Unnamed: 0,labels,sentences
0,4,Do you have your forms?
1,4,Let me see them.
2,4,Who told you to get in this line?
3,4,Okay. But I didn't tell you to get in this li...
4,4,This form is a Z.X.four.


In [167]:
#data distribution
labels = ['ang', 'dis', 'exc', 'fea', 'fru', 'hap', 'neu', 'oth', 'sad', 'sur']
df_dist = df[df['labels'].isin([0,1,2,3,4,5,7,8,9])]
class_dist = dict(pd.Series(df['labels']).value_counts())
for k,v in class_dist.items():
  print(labels[k],": ",v)

fru :  1515
ang :  941
sad :  872
exc :  775
hap :  465
sur :  92
fea :  31
oth :  3
dis :  2


In [168]:
#removing 'dst' , 'oth'
train_iter_temp = []
for line in range(len(train_iter)):
  if train_iter[line][0] != 1 or train_iter[line][0] != 7:
    train_iter_temp.append(train_iter[line])
train_iter = train_iter_temp

Now we set up the train, validation and test splits.  

In [169]:
# We are using only 1000 samples for faster training
# set to -1 to use full data
N = 1000 

# We will use 80% of the `train split` for training and the rest for validation
train_frac = 0.8
_temp = list(train_iter)


random.shuffle(_temp)
_temp = _temp[:(N if N > 0 else len(_temp) )]
n_train = int(len(_temp)*train_frac)

train_list = _temp[0:n_train]
validation_list = _temp[n_train:]
test_list = list(test_iter)
test_list = test_list[:(N if N > 0 else len(test_list))]

In [170]:
print(train_list[0])

(2, " Awesome. We're both going to be in L.A.")

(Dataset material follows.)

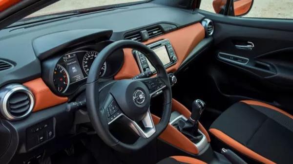 Een van de overeenkomsten tussen de Micra en de Clio is de benzinemotor uit onze testauto. Dat is een exemplaar met drie cilinders en een turbo, goed voor een vermogen van 90 pk. Een prima krachtbron, maar wel wat verlegen: je zult de Micra in deze configuratie op toeren moeten houden om een beetje op te schieten. Schakellui rijden is er ook niet bij; onderin mist de driepitter de trekkracht om in de derde versnelling een rotonde te nemen. De onderstelafstemming is sportief, het stuurgedrag wat licht. Desondanks gaan de meeste oneffenheden onopgemerkt onder de Nissan door. De wind en de banden laten zich onderweg wel goed horen. Da’s een minpuntje, want het is verder juist zo aangenaam aan boord. Je zit laag achter het meervoudig verstelbare stuurwiel en beschikt over goede stoelen, die ook de benen van langere automobilisten ondersteunen. Het zicht rondom is bedenkelijk. De ramen van de Micra zijn klein en de raamstijlen fors; met name over je schouder zie je bitter weinig. Gelukkig heeft de compacte gezinsauto een stel behoorlijke buitenspiegels en kun je hem optioneel uitrusten met Nissans spectaculaire 360 graden camera. Dan kijk je als het ware van boven op de auto neer en kunt hem alsnog eenvoudig inparkeren. De veiligheidsuitrusting is voor een model in deze klasse uitgebreid, met onder meer verkeersbordherkenning, een zelfstandig remsysteem bij stadssnelheden en rijstrookassistentie. De Micra doet dan je stuur trillen wanneer je onbedoeld van rijbaan wisselt. Zelf terugsturen doet de Nissan niet, maar hij geeft wel een subtiele remingreep waardoor de auto alsnog op zijn eigen rijstrook uitkomt. Het is beter dat je het niet zover laat komen, want plotseling remmen op de snelweg brengt weer hele andere risico’s met zich mee. Geen van de hiervoor genoemde systemen wordt overigens standaard meegeleverd. Alleen op de duurste uitvoering is de veiligheidsuitrusting standaard. Vanaf het tweede uitrustingsniveau kun je het bijbestellen tegen een bescheiden meerprijs van € 500.De Nissan Micra 0.9 IG-T 90 van binnen

Let's explore a data sample to see what it looks like.
Each data sample is a tuple  of the format `(label, text)`.

The value of label is either 'pos' or 'neg'.


In [171]:
random_sample = random.sample(train_list,1)[0]
print(' text:', random_sample[1])
print('label:', random_sample[0])

 text:  I'm sorry, sir, it's not my choice.
label: 4


Now that we have the datasets splits, let's build our vocabulary. For this, we will use the `Vocab` class from `torchtext.vocab`. It is important that we build our vocabulary based on the train dataset as validation and test are **unseen** in our experimenting. 

`Vocab` allows us to use pretrained **GloVE** 100 dimensional word vectors. This means each word is described by 100 floats! If you want to read more about this, here are a few resources.
* [StanfordNLP - GloVe](https://github.com/stanfordnlp/GloVe)
* [DeepLearning.ai Lecture](https://www.coursera.org/lecture/nlp-sequence-models/glove-word-vectors-IxDTG)
* [Stanford CS224N Lecture by Richard Socher](https://www.youtube.com/watch?v=ASn7ExxLZws)

Note than the GloVE download size is around 900MB, so it might take some time to download. 

An instance of the `Vocab` class has the following attributes:
* `extend` is used to extend the vocabulary
* `freqs` is a dictionary of the frequency of each word
* `itos` is a list of all the words in the vocabulary.
* `stoi` is a dictionary mapping every word to an index.
* `vectors` is a torch.Tensor of the downloaded embeddings


In [172]:
from collections import Counter
from torchtext.vocab import Vocab

counter = Counter()

for (label, line) in train_list:
    counter.update(tokenizer(line))

vocab = Vocab(
    counter,
    min_freq=10,
    vectors=GloVe(name='6B', dim=100, cache='/tmp/glove/')
)

In [173]:
print("The length of the new vocab is", len(vocab))
new_stoi = vocab.stoi
print("The index of '<BOS>' is", new_stoi['<BOS>'])
print("The index of '<EOS>' is", new_stoi['<EOS>'])
new_itos = vocab.itos
print("The token at index 2 is", new_itos[5])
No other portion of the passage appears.